Date: Wed, 16 Jan 2013 14:49:29 -0500
To: Paul Raines <raines@nmr.mgh.harvard.edu>
Cc: linux-nfs@vger.kernel.org
Subject: Re: NFS failover works RHEL6->5 but fails RHEL5->6
Message-ID: <20130116194929.GB5002@fieldses.org>
References: <alpine.LRH.2.00.1301101446340.26983@gate.nmr.mgh.harvard.edu>
MIME-Version: 1.0
Content-Type: text/plain; charset=us-ascii
In-Reply-To: <alpine.LRH.2.00.1301101446340.26983@gate.nmr.mgh.harvard.edu>
From: "J. Bruce Fields" <bfields@fieldses.org>
Sender: linux-nfs-owner@vger.kernel.org

On Thu, Jan 10, 2013 at 03:12:33PM -0500, Paul Raines wrote:
> 
> I have an IBM GPFS cluster of 8 servers on shared SAN running RHEL5.
> They use GPFS's included Clustered NFS (CNFS) to load balance NFS to
> clients via round-robin DNS and autofs.  This has worked fine for 3
> years.  Recently I upgraded one of the boxes to RHEL6.  Base GPFS
> works fine on it.  But CNFS does not.  My first issue was that once
> CNFS was running on the RHEL6 server, it refused all mounts with the
> error in the syslog of:
> 
> rpc.mountd[16482]: authenticated mount request from
>   bourget.nmr.mgh.harvard.edu:626 for /gpfs/nsdg01/itgroup
>   (/gpfs/nsdg01/itgroup)
> rpc.mountd[16482]: internal: no supported addresses in nfs_client
> rpc.mountd[16482]: getfh failed: Operation notpermitted
> 
> So I started a service ticket with IBM but got nowhere with them.
> I eventually found this on the web about a bug in cltsetup()
> 
> http://comments.gmane.org/gmane.linux.nfs/41432
> 
> I applied this patch to the stock RHEL6 nfs-utils source and rebuilt
> and the above problem went away.
> 
> The curious thing about this patch is I did not have the problem
> when running RHEL6 NFS outside of GPFS nor did IBM have the problem
> with CNFS on their test systems on RHEL6.  So it is a mystery what
> was triggering it for me.  I mention this only in case it has
> bearing on the current problem that has me stuck.
> 
> With CNFS running and allowing mounts on the RHEL6 box, I killed the
> box.

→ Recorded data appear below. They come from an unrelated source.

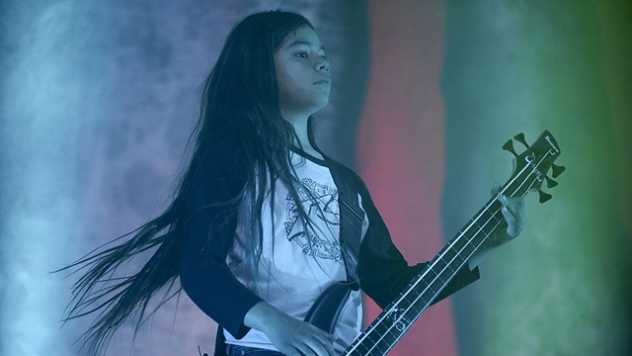 Twelve-year-old TYE TRUJILLO took his spot onstage alongside Jonathan Davis, guitarists Head and Munky and drummer Ray Luzier as he filled in for longtime bassist Fieldy during Korn’s performance at the Gran Carpa de las Americas in Bogota, Colombia on Monday night (April 17).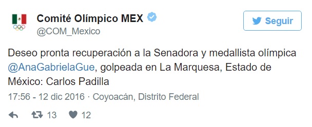 A través de su cuenta de Twitter, el Comité Olímpico mexicano deseó a la senadora una pronta recuperación luego del percance ocurrido en La Marquesa.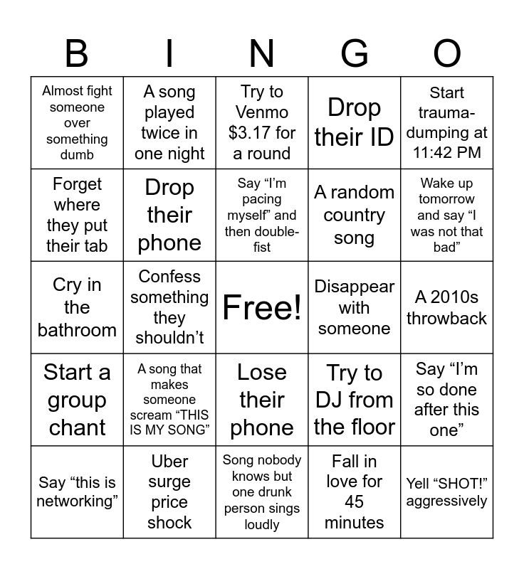 This bingo card has a free space and 35 words: Get way too drunk way too fast, Spill a drink on themselves, Spill a drink on someone else, Drop their phone, Lose their phone, Drop their ID, Forget where they put their tab, Order water and immediately get roasted, Say “I’m pacing myself” and then double-fist, Throw up (bathroom or outside — bonus square if both), Cry in the bathroom, Start trauma-dumping at 11:42 PM, Text their ex, Call their ex, Almost fight someone over something dumb, Disappear with someone, Fall in love for 45 minutes, Confess something they shouldn’t, Start a group chant, Yell “SHOT!” aggressively, Try to DJ from the floor, Say “this is networking”, Say “I’m so done after this one”, Uber surge price shock, Try to Venmo $3.17 for a round, Wake up tomorrow and say “I was not that bad”, “Mr. Brightside” (everyone feral), “Low” – Flo Rida (mandatory Tampa activation), A random country song, A 2010s throwback, Taylor Swift scream-along, Song nobody knows but one drunk person sings loudly, A song that makes someone scream “THIS IS MY SONG”, A song played twice in one night and Someone requests a song that never plays.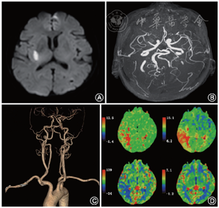 患者女性,61岁,主因“左侧肢体无力伴言语不清2 h”于2019年12月25日就诊于北京天坛医院神经内科急诊。患者平素体健,否认高血压、冠心病、糖尿病、心房颤动、心脏瓣膜病等病史,就诊时血压165/110 mmHg(1 mmHg=0.133 kPa)。患者初诊时NIHSS评分为10分,完善头颅CT平扫未见出血,于发病后3.5 h接受了重组组织纤溶酶原激活剂静脉溶栓,溶栓后2 h NIHSS评分6分。患者急诊心电图未见明显异常,住院期间完善入院常规实验室检查,低密度脂蛋白胆固醇(low-density lipoprotein cholesterol,LDL-C)3.21 mmol/L,总胆固醇6.16 mmol/L,空腹血糖5.94 mmol/L,糖化血红蛋白5.6%。患者在院期间完善头颅MRI结构影像学检查提示右侧脑室体部旁、放射冠及基底节区超急性期梗死灶(图1A);完善头颅MRA和CTA检查进行血管评价提示右侧大脑中动脉水平段存在重度狭窄(图1B、C);脑CT灌注成像(computed tomography perfusion)检查进行血流动力学评价提示右颞顶片状区域低灌注改变(图1D)。患者超声心动图及动态心电图未见明显异常。对于该患者,应如何制定二级预防策略,以降低卒中复发风险?

Everything failed over fine to one of the old RHEL5 servers.
> Clients that had mounted NFS shares from the RHEL6 box could still
> see them.  I then brought the RHEL6 box back up which retook the
> virtual IP assigned to it.  But then client mounts now failed with
> "Stale NFS file handle"
> 
> So essentially NFS failover from RHEL5 to the RHEL6 box of NFS fails
> (but works the other way). And before you ask, yes, the /etc/exports
> on all boxes are exactly the same and have the same "fsid=" assigned
> on all shares.
> 
> IBM does not see this problem on their test systems.  They have no idea
> and are just having me do "shot in the dark" upgrades and downgrades
> on various things.
> 
> I am hoping someone on this list knows what a "Stale NFS file handle"
> means in this situation when it is not a FSID mismatch that might
> point me in a direction of what could be going wrong.
> 
> In case it helps here is a tcpdump of the packets on the server when
> the Stale NFS file handle error happens
> 
> 15:08:04.543680 IP bourget.nmr.mgh.harvard.edu.12492987 >
> gpfstest.nmr.mgh.harvard.edu.nfs: 112 getattr fh Unknown/01000100978A0100000000000000000000000000000000000000000000000000
> 15:08:04.543721 IP gpfstest.nmr.mgh.harvard.edu.nfs >
> bourget.nmr.mgh.harvard.edu.12492987: reply ok 28 getattr ERROR:
> Stale NFS file handle
> 15:08:04.544494 IP bourget.nmr.mgh.harvard.edu.979 >
> gpfstest.nmr.mgh.harvard.edu.nfs: Flags [.], ack 1811398839, win
> 1460, options [nop,nop,TS val 2056226500 ecr 1989675411], length 0
> 
> Also, if I bring down the RHEL6 box, so the failover occurs again to one
> of the RHEL5 boxes, the client mount starts working again.

This really seems like a question for Red Hat or IBM support, but:

It might be interesting to see the output of

	cat /proc/net/rpc/nfsd.fh/content
	cat /proc/net/rpc/nfsd.export/content

on the RHEL6 box just after reproducing the failure.

--b.